■ THE RECORDS:
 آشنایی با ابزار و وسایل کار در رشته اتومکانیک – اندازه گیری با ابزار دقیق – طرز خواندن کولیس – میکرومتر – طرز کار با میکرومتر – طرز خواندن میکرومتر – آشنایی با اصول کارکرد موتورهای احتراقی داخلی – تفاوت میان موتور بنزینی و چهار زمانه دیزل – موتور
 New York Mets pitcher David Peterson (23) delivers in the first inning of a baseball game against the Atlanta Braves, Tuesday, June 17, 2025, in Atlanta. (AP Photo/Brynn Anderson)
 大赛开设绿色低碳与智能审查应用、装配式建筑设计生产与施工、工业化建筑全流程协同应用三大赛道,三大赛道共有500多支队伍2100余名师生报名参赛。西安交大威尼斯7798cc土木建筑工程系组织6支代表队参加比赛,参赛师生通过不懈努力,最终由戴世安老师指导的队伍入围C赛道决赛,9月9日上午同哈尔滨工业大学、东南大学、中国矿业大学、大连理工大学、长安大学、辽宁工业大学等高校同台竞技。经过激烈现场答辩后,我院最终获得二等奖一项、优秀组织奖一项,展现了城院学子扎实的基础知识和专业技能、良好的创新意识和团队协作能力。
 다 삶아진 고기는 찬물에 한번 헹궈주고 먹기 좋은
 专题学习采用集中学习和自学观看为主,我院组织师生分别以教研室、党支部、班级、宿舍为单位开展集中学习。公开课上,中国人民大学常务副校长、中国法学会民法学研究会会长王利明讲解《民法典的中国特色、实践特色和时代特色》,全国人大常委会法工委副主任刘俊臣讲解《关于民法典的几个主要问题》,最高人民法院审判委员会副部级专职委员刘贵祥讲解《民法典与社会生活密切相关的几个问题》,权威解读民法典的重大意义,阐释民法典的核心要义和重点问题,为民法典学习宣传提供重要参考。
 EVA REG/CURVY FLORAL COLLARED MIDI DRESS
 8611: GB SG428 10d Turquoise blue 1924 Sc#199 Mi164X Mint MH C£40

■ WORK TO COMPLETE: Each line of the records belongs in the answer, reproduced exactly.

■ YOUR SOLUTION:
 آشنایی با ابزار و وسایل کار در رشته اتومکانیک – اندازه گیری با ابزار دقیق – طرز خواندن کولیس – میکرومتر – طرز کار با میکرومتر – طرز خواندن میکرومتر – آشنایی با اصول کارکرد موتورهای احتراقی داخلی – تفاوت میان موتور بنزینی و چهار زمانه دیزل – موتور
 New York Mets pitcher David Peterson (23) delivers in the first inning of a baseball game against the Atlanta Braves, Tuesday, June 17, 2025, in Atlanta. (AP Photo/Brynn Anderson)
 大赛开设绿色低碳与智能审查应用、装配式建筑设计生产与施工、工业化建筑全流程协同应用三大赛道,三大赛道共有500多支队伍2100余名师生报名参赛。西安交大威尼斯7798cc土木建筑工程系组织6支代表队参加比赛,参赛师生通过不懈努力,最终由戴世安老师指导的队伍入围C赛道决赛,9月9日上午同哈尔滨工业大学、东南大学、中国矿业大学、大连理工大学、长安大学、辽宁工业大学等高校同台竞技。经过激烈现场答辩后,我院最终获得二等奖一项、优秀组织奖一项,展现了城院学子扎实的基础知识和专业技能、良好的创新意识和团队协作能力。
 다 삶아진 고기는 찬물에 한번 헹궈주고 먹기 좋은
 专题学习采用集中学习和自学观看为主,我院组织师生分别以教研室、党支部、班级、宿舍为单位开展集中学习。公开课上,中国人民大学常务副校长、中国法学会民法学研究会会长王利明讲解《民法典的中国特色、实践特色和时代特色》,全国人大常委会法工委副主任刘俊臣讲解《关于民法典的几个主要问题》,最高人民法院审判委员会副部级专职委员刘贵祥讲解《民法典与社会生活密切相关的几个问题》,权威解读民法典的重大意义,阐释民法典的核心要义和重点问题,为民法典学习宣传提供重要参考。
 EVA REG/CURVY FLORAL COLLARED MIDI DRESS
 8611: GB SG428 10d Turquoise blue 1924 Sc#199 Mi164X Mint MH C£40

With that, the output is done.